Бьянка готовилась к свадьбе, считала дни и недели до приезда Винсенте и ничего не замечала. Жених обещал привезти для нее муаровое платье, атласные туфли и шляпку фасона, какой носят француженки, и девушка боялась, что родители не позволят ей венчаться в таком наряде. Сандру куда больше волновала судьба дочери, которая вскоре должна была выйти замуж, а не сына, который пока что не доставлял ей никаких хлопот. Что касается Леона, ему не могло прийти в голову, что Данте мог влюбиться во вдову с двумя детьми, которая была старше его на целых семь лет.
Иногда Андреа чудилось, что свободы не существует: куда ни кинь взгляд, скалят зубы стальные решетки. И все же в последнее время в нем укрепилась надежда, надежда на то, что когда-нибудь он выйдет на волю.
Если бы не напарник, его душа сдалась бы куда прежде, чем тело. При этом самого Ранделя словно точили какие-то неотвязные мысли, подобно тому, как черви точат дерево, постепенно разрушая его, превращая в труху, хотя он и держался изо всех сил.
- Ты умеешь читать? - однажды спросил он Андреа.
- Очень плохо. Отец Витторио считал меня бестолковым, другие мальчики смеялись надо мной. Потому вскоре я бросил ходить на занятия и вместо этого блуждал по горам.
- На самом деле ты очень смышленый. Я продолжу с тобой заниматься, причем будет лучше, если ты научишься читать по-французски.
- Зачем мне это?
- Человек, который умеет читать, всегда сможет сам докопаться до сути любых вещей, отличить правду от лжи. А это - ключ к свободе. Я стану пересказывать тебе книги, которые некогда прочитал. Надеюсь, когда-нибудь ты сам возьмешь их в руки.
- Ты думаешь, мы выйдем отсюда?
- Выйдем, - уверенно произнес Рандель, - и, надеюсь, что скоро.
Андреа слышал, что о побеге заключенных с каторги оповещают пушечные выстрелы, после чего все сведения о беглецах передаются береговой охране и жандармам префектуры. Даже если им удастся выбраться за пределы порта, где взять деньги, одежду, кров? Однако Рандель был умнее и старше, и Андреа не задавал лишних вопросов.
Он узнал подробности только тогда, когда настала пора бежать.
- Я вытянул счастливый билет для нас двоих, - с легкой улыбкой пояснил Рандель. - Каждый год среди узников проводится своеобразная жеребьевка, которая решает, кому бежать на этот раз. Все заключенные им помогают, таков закон.
- Когда это произошло? - спросил Андреа.
- Вчера. Жеребьевка проходила, пока ты спал. Я не стал тебя будить.
- Откуда ты мог знать, что тебе повезет? Ведь ты еще раньше говорил о побеге?
Лицо Жоржа Ранделя сделалось очень серьезным, даже скорбным.

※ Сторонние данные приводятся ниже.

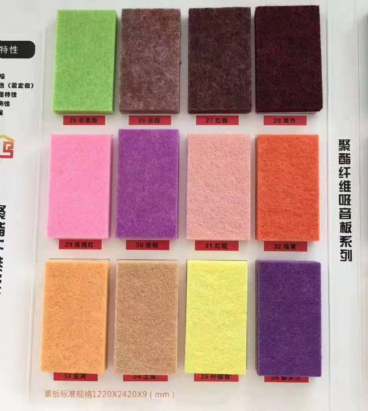 是一种理想的吸声装饰材料。其原料为100%的聚酯纤维,具有环保、阴燃、隔热、保温、防潮、防霉变、易除尘、易切割、可拼花、施工简便、性价比优等特点,有多种花纹和颜色可供选择,可满足不同风格和层次的吸音装饰要求。
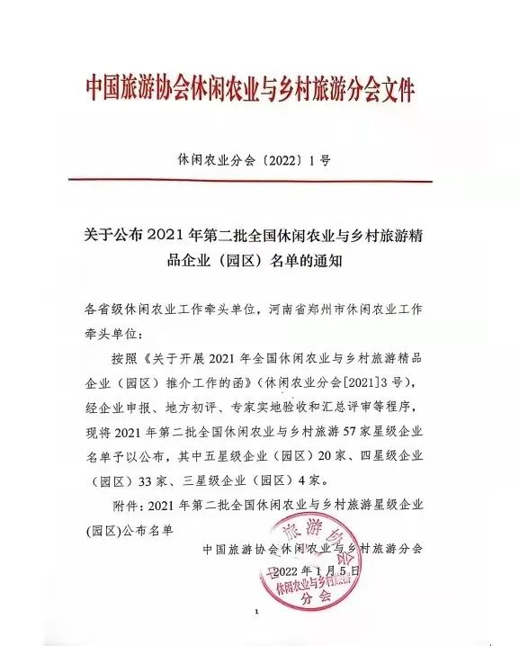 近日,中國(guó)旅游協(xié)會(huì)休閑農(nóng)業(yè)與鄉(xiāng)村旅游分會(huì)下發(fā)通知,公布2021年第二批全國(guó)休閑農(nóng)業(yè)與鄉(xiāng)村旅游星級(jí)企業(yè)(園區(qū))名單,江蘇富金農(nóng)業(yè)科技發(fā)展有限公司(水漾年華)榜上有......
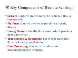 1. **Definition of Remote Sensing** – The process of collecting information about an object or area from a distance using satellites, drones, or aircraft.
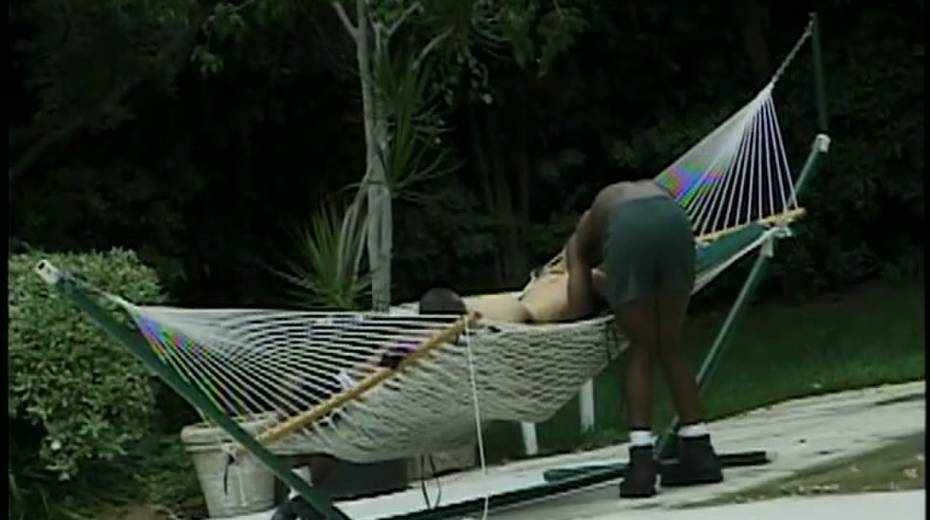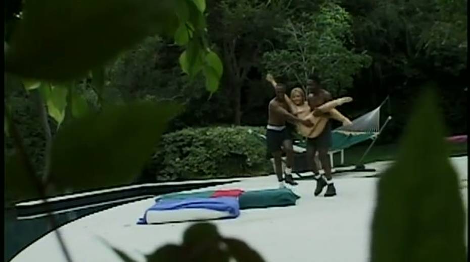 Lusty gal Julie Meadows is attacked by two heavy black dicks
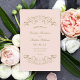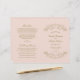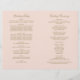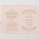 Nadarias decorativas e floresces enquadram esta elegante vintage inspirou a design do programa de cerimônia de casamento. Fundo cor-de-rosa com design de ouro antigo. Personalize o texto personalizado da sua festa noiva, informações sobre cerimônia e mensagem de obrigado. Nota: esses programas de papel de peso de texto chegam achatados e exigem dobradura.

- Я верил в это, - сказал он и добавил: - Я должен вернуться в Париж. Моя жена умерла, но остались дети: сын, немногим младше тебя, и дочь, которая еще совсем мала. Возможно, их взяли к себе дальние родственники, а может, и нет. Мое имущество конфисковано; не исключено, что мои дети голодают. Мне нужно их найти.
- А как же я?
- Поедешь со мной. Если нас сковали вместе, значит, такова судьба: нам не следует разлучаться.